Although information has always had an important role in the business world, the Big Data movement has placed a larger emphasis on the aggregation and management of digital resources. Companies around the world are now seeking programs that help employees collect and store increasingly larger volumes of information because most decision-makers believe the chances of striking gold will increase if they have more data to analyze.
Ironically, organizations that believe in collecting massive amounts of information often find themselves inundated by the sheer size of the resources under their control and, as a result, encounter new performance obstacles that lead to substantial issues. This conundrum is forcing executives to ask, “Is bigger always better?”
The answer is no, especially in today’s Big Data world. Rather than focusing on the quantity of information they collect, organizations should focus on the quality. Because there’s no finite definition for “Big Data,” each company is forced to develop its own innovative strategy that aligns with the way employees work on a daily basis. In many cases, speed will outweigh a number of other metrics associated with the information being collected. If an organization has the power to quickly convert unstructured data into useful insight for its marketing and sales teams, for example, it will likely be able to reduce client churn and improve its ability to attract, engage, and retain customers.
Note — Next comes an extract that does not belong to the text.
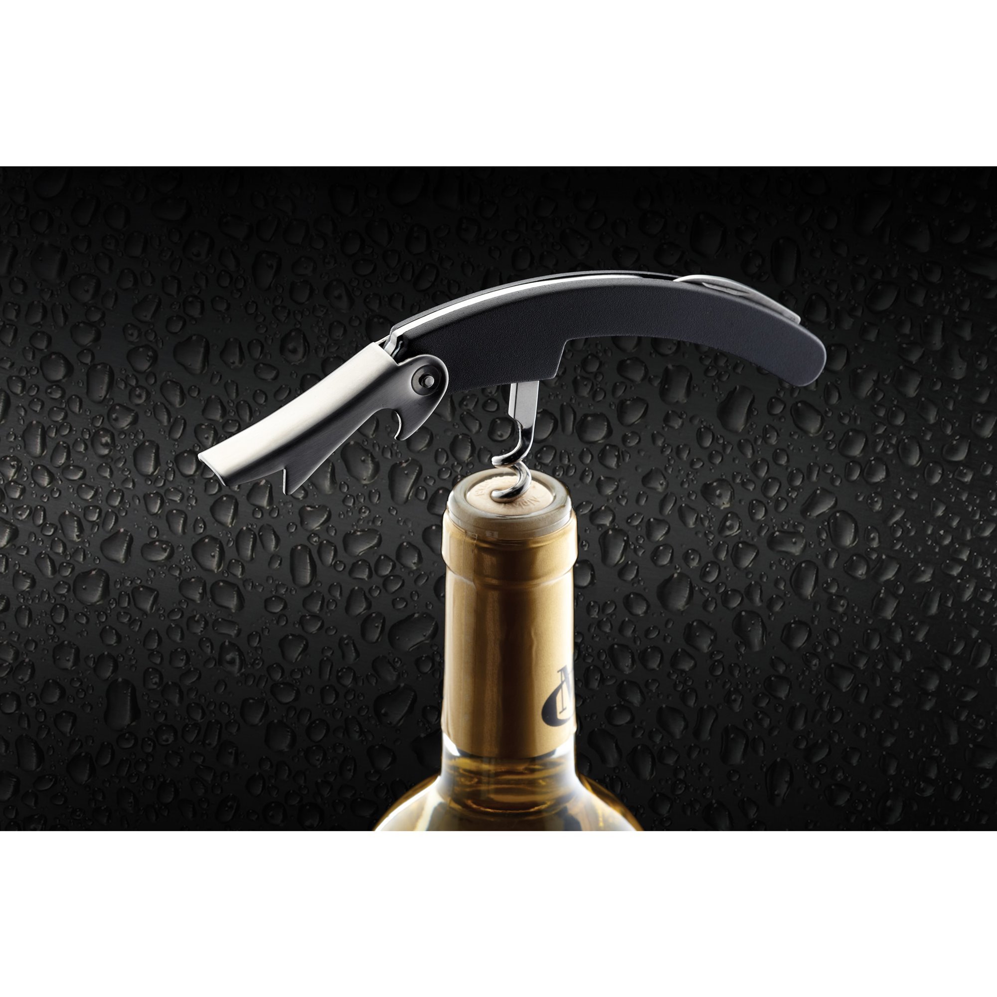 Tirbuson multifunctional, marca BarCraft, cu constructie compacta si ergonomica, ce include tirbuson, deschizator de capace si cutter pentru capison.

Still, many experts believe that the data with the largest business impact is the most difficult to measure. The need to do so will pressure executives to build robust warehousing environments that can make sense of various information sets as quickly as possible, allowing firms of all sizes to use a broad range of information for numerous practices, improving their ability to compete and prosper in the long run.
Quality over quantity
Of course it will become increasingly difficult to find a needle if the haystack continues to grow in size. This prospect should encourage executives to build programs that regularly maintain the haystack, trimming the unnecessary heaps of hay to make sifting through the pile less complex. In terms of data management, this means that organizations need to understand the complications and opportunity costs associated with the inability to keep information storage environments in check.
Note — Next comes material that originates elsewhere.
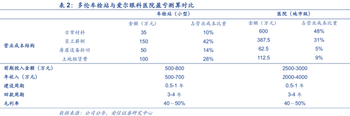 (1)相似的成本分布特征:新设眼科医疗机构所需的设备、场所的前期固定成本高昂,同时核心成本人员所占的比例固定,因而未来的盈利弹性更高。通常一家地市级医疗机构核心建设周期为半年到一年,扭亏周期约为三年。而汽车检查站在前期建设阶段也需要大量的资本投入地租和检测线建设,在经营阶段的人员和设备维护费用稳定,相应的建设和扭亏周期也和眼科医院相同。这样的成本分布特征天然适合连锁化经营。
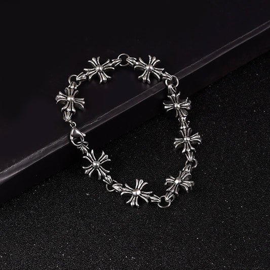 Cross made antique copper silver plated bracelet

Because there is no single best practice approach to Big Data, it will be up to decision-makers to determine how much they emphasize accuracy and timeliness within their initiatives. For the most part, hiring new employees who have the skills to quickly and efficiently sort through large volumes of information is a good place to start because having the proper workforce is the best building block for a strong and comprehensive Big Data strategy.
In addition to people, organizations need to take the time to find the right technology to manage Big Data. can be a boon for firms that need a highly flexible and elastic infrastructure, while deploying sophisticated analytics solutions can help individuals quickly assess and evaluate the usefulness of the information at hand.
As the business world becomes increasingly competitive, decision-makers must develop Big Data strategies with speed and accuracy in mind. Simply adopting a policy that encourages employees to collect as much information as possible can be dangerous, especially when organizations don’t have the necessary skills and technologies needed to maintain those volumes. In the era of Big Data, quality will always reign over quantity because useful information will provide companies with more opportunities to improve operations, reduce costs, and augment the customer relationship landscape.